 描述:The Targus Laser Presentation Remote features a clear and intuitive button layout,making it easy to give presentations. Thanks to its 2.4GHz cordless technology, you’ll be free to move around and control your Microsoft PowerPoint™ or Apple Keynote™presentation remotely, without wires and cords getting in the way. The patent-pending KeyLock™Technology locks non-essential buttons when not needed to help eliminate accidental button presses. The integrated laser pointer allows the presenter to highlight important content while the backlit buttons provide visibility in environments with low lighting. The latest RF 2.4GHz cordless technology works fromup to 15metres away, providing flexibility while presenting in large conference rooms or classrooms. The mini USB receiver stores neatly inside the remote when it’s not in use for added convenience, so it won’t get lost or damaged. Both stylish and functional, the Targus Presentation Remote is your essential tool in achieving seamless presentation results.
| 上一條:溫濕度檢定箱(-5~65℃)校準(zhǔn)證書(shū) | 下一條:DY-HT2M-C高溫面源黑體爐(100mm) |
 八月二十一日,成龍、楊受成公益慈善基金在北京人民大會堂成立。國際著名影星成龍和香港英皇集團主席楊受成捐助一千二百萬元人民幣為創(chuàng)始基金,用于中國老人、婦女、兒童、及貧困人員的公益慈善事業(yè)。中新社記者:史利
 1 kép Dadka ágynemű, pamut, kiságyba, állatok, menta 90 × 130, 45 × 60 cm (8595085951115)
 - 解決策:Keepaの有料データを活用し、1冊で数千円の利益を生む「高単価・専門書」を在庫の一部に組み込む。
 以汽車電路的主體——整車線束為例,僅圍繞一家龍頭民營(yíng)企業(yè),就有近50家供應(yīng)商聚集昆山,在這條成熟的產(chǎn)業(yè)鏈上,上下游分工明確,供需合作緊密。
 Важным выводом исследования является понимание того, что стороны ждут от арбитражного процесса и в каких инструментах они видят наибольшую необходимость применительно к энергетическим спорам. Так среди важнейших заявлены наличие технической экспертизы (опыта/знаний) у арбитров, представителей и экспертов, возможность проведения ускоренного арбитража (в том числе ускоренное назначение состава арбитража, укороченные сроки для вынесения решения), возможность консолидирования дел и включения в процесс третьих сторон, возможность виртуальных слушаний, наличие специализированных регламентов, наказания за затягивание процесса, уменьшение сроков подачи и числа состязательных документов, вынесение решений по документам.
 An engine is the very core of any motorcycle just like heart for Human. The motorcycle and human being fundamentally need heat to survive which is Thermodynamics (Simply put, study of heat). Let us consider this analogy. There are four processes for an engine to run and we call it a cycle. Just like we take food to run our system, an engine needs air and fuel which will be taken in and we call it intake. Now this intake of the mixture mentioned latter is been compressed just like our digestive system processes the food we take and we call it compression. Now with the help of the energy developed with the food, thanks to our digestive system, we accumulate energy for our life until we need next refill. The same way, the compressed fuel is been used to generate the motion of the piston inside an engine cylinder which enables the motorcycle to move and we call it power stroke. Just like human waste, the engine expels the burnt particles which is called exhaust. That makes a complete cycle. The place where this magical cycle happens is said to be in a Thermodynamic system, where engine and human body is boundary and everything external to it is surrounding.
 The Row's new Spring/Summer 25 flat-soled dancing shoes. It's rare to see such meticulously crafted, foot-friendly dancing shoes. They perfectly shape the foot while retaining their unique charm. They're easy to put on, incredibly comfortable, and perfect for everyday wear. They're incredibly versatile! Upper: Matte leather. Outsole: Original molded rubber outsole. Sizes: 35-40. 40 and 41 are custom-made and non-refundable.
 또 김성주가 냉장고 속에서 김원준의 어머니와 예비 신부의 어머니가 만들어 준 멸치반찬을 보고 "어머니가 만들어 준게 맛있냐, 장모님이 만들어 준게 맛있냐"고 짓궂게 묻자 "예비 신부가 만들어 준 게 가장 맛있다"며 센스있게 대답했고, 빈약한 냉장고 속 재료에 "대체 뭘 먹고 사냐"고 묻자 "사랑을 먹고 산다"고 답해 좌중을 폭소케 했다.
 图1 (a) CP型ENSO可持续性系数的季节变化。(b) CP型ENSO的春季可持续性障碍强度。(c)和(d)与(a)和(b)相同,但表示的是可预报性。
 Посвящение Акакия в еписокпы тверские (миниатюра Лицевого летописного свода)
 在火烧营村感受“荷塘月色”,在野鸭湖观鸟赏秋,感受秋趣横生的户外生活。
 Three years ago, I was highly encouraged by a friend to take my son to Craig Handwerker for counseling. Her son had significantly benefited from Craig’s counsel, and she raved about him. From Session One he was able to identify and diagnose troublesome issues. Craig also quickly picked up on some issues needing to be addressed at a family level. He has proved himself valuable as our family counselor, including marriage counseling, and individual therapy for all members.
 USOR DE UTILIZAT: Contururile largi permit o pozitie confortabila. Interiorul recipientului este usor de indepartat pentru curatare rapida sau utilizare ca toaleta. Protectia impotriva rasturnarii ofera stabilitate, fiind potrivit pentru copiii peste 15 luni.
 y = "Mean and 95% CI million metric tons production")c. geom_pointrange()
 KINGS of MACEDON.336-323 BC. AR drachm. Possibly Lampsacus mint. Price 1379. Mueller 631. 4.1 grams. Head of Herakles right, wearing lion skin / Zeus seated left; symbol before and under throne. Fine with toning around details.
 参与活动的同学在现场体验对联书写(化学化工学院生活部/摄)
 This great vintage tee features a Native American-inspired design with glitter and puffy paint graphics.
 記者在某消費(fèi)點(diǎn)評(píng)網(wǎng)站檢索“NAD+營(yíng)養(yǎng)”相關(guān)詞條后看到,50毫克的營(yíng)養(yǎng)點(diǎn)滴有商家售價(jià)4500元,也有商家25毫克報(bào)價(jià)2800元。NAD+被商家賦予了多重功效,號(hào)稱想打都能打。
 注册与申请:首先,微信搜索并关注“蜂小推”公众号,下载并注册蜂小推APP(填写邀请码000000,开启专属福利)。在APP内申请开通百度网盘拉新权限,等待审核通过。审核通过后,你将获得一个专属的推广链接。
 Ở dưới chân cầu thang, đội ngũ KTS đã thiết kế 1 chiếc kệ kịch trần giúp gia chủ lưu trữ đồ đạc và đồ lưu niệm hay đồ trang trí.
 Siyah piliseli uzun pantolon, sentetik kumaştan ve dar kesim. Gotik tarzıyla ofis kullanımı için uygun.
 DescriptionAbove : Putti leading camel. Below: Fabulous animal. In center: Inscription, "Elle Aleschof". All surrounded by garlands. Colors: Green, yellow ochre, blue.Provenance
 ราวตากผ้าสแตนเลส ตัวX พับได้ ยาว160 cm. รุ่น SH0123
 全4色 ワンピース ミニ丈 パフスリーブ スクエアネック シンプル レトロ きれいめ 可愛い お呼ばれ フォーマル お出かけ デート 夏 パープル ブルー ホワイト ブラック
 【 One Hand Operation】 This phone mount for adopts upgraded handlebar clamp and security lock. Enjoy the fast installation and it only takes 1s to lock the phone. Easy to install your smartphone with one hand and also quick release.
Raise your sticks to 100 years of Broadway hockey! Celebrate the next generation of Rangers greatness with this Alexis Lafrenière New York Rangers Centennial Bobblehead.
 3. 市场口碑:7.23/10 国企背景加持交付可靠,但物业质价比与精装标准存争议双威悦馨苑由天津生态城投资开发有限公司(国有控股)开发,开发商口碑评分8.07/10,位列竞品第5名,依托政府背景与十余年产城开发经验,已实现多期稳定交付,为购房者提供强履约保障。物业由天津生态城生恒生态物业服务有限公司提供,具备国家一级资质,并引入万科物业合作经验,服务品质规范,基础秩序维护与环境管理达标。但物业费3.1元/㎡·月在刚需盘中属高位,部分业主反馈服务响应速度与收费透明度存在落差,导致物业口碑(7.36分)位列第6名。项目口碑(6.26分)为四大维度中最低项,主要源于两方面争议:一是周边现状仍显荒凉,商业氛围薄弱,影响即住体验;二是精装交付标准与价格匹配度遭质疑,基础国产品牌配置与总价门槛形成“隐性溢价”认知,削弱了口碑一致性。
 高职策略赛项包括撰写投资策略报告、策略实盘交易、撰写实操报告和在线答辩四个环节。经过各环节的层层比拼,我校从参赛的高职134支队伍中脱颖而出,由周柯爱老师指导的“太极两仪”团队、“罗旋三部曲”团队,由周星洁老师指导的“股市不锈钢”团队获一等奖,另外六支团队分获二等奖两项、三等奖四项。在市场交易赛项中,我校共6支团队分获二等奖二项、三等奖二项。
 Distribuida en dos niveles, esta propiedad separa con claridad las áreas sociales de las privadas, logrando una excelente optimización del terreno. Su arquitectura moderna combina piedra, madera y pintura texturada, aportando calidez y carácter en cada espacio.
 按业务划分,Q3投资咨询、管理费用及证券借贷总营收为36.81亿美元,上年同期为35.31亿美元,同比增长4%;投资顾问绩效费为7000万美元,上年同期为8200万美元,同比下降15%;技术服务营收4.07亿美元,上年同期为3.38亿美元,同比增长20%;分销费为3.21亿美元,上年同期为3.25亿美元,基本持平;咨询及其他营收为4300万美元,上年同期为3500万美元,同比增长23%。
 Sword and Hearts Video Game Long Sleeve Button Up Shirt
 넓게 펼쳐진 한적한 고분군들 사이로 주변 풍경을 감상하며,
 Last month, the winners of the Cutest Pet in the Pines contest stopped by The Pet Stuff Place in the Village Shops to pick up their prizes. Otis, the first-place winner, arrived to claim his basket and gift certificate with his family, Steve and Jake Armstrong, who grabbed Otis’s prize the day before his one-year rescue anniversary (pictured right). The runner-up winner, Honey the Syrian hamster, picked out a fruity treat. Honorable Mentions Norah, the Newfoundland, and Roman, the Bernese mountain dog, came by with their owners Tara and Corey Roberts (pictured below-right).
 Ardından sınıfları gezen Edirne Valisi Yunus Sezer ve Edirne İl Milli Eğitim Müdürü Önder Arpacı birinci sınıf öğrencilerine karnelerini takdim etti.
== == ==
▶ Required work: Your answer should be the lines above from the one containing "The Row's new" through the one containing "95% CI million", copied exactly and with both ends kept.

▶ Task solution:
 The Row's new Spring/Summer 25 flat-soled dancing shoes. It's rare to see such meticulously crafted, foot-friendly dancing shoes. They perfectly shape the foot while retaining their unique charm. They're easy to put on, incredibly comfortable, and perfect for everyday wear. They're incredibly versatile! Upper: Matte leather. Outsole: Original molded rubber outsole. Sizes: 35-40. 40 and 41 are custom-made and non-refundable.
 또 김성주가 냉장고 속에서 김원준의 어머니와 예비 신부의 어머니가 만들어 준 멸치반찬을 보고 "어머니가 만들어 준게 맛있냐, 장모님이 만들어 준게 맛있냐"고 짓궂게 묻자 "예비 신부가 만들어 준 게 가장 맛있다"며 센스있게 대답했고, 빈약한 냉장고 속 재료에 "대체 뭘 먹고 사냐"고 묻자 "사랑을 먹고 산다"고 답해 좌중을 폭소케 했다.
 图1 (a) CP型ENSO可持续性系数的季节变化。(b) CP型ENSO的春季可持续性障碍强度。(c)和(d)与(a)和(b)相同,但表示的是可预报性。
 Посвящение Акакия в еписокпы тверские (миниатюра Лицевого летописного свода)
 在火烧营村感受“荷塘月色”,在野鸭湖观鸟赏秋,感受秋趣横生的户外生活。
 Three years ago, I was highly encouraged by a friend to take my son to Craig Handwerker for counseling. Her son had significantly benefited from Craig’s counsel, and she raved about him. From Session One he was able to identify and diagnose troublesome issues. Craig also quickly picked up on some issues needing to be addressed at a family level. He has proved himself valuable as our family counselor, including marriage counseling, and individual therapy for all members.
 USOR DE UTILIZAT: Contururile largi permit o pozitie confortabila. Interiorul recipientului este usor de indepartat pentru curatare rapida sau utilizare ca toaleta. Protectia impotriva rasturnarii ofera stabilitate, fiind potrivit pentru copiii peste 15 luni.
 y = "Mean and 95% CI million metric tons production")c. geom_pointrange()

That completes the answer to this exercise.